3.4. «Идеальный человек» и поиски идеала
В работе «Невроз и человеческий рост» Карен Хорни утверждает, что в благоприятных обстоятельствах ребенок раскрывает, осуществляет заложенный в нем потенциал; если же условия препятствуют этому, ребенок так и не сможет удержать образ своего потенциального Я. У него формируется совсем иной образ – идеальное Я, заставляющее направлять всю жизненную энергию на его поддержание. Основное требование, предъявляемое невротиком к себе, – «не быть тем, кто я есть, быть лучшим, иным». Если потенциальное Я достижимо, то, как правило, в качестве идеального Я выбирается образец совсем уж нереалистический.
Юнг полагал, что опасности неблагоприятного развития (или остановки развития) есть на каждой стадии процесса индивидуации. И, как мы далее увидим, почти все эти опасности так или иначе связаны со сравнением с совершенными образцами. Сначала возникает опасность отождествления с Персоной: тот, кто отождествляется с ней, начинает стараться быть «совершенным», не может признать свои ошибки и слабости. Тень как препятствие к индивидуации заставляет человека прилагать «мерку совершенства» к другим, прибегать к проекциям отрицаемых качеств. Следующая ступень, встреча с Анимой или Анимусом, несет в себе опасность поглощения бессознательным материалом, и одна из этих опасностей – «раздувание эго», которое начинает претендовать на все совершенства и добродетели коллективной души.
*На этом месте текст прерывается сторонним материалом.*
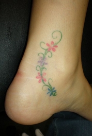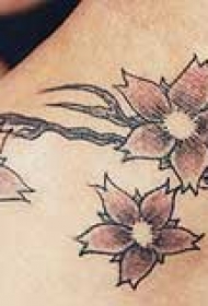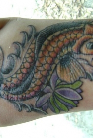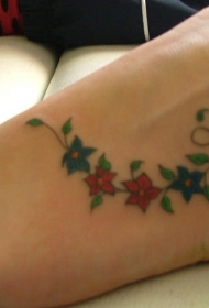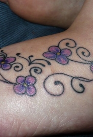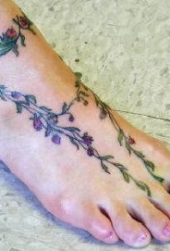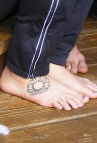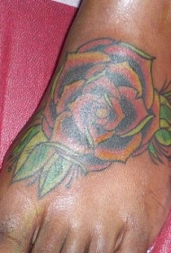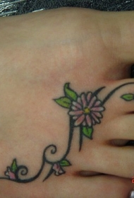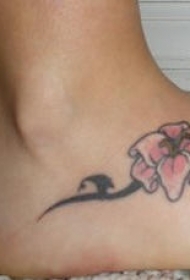 脚背粉红色的芙蓉花与青蛙纹身图案

И, наконец, высвобождающаяся огромная энергия, когда индивид имеет дело с Анимой или Анимусом, может быть использована для укрепления эго (Юнг характеризовал это явление как развитие мана-личности (от «мана» – меланезийского названия магической энергии, истекающей от людей, предметов или сверхъестественных существ). Эго отождествляется со всезнающим и всемогущим архетипом мудрого старца, святого. «Индивидуумы, застрявшие на этой стадии, пытаются быть одновременно больше и меньше, чем они есть на самом деле: больше, потому что они начинают верить, что стали совершенными, святыми, чуть ли не богоподобными; меньше актуально, потому что они теряют связь со своей сущностной человечностью, не понимая, что нет совершенно мудрых, непогрешимых и безупречных» – поясняют мысль Юнга Дж. Фейдимен и Р. Фрейгер (1991, с. 98).
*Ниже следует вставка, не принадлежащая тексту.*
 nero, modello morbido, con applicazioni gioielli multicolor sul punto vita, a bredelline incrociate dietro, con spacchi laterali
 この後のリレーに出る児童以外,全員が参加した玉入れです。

Еще одну грань выбора неадекватного образца для сравнения с собой отмечает Ф. Зимбардо: такой выбор, помимо очевидных страданий от сопоставления с идеалом красоты или таланта, ведет за собой утрату наслаждения от процесса самосовершенствования – поскольку все силы, все помыслы сосредоточены на идеальном результате (Зимбардо, 1991, с. 142). Этот идеал или образ отвлекает человека от его истинного, полнокровного бытия и обрекает на погоню за призраком. М. Эпштейн (1988) приводит как пример такого преследования идеала стендалевских Жюльена и Матильду, которые любят друг в друге образ, кажущийся каждому из них достойным любви. Но когда влюбленные сталкиваются с действительностью любимого человека, это приводит к разочарованию и даже взаимной ненависти.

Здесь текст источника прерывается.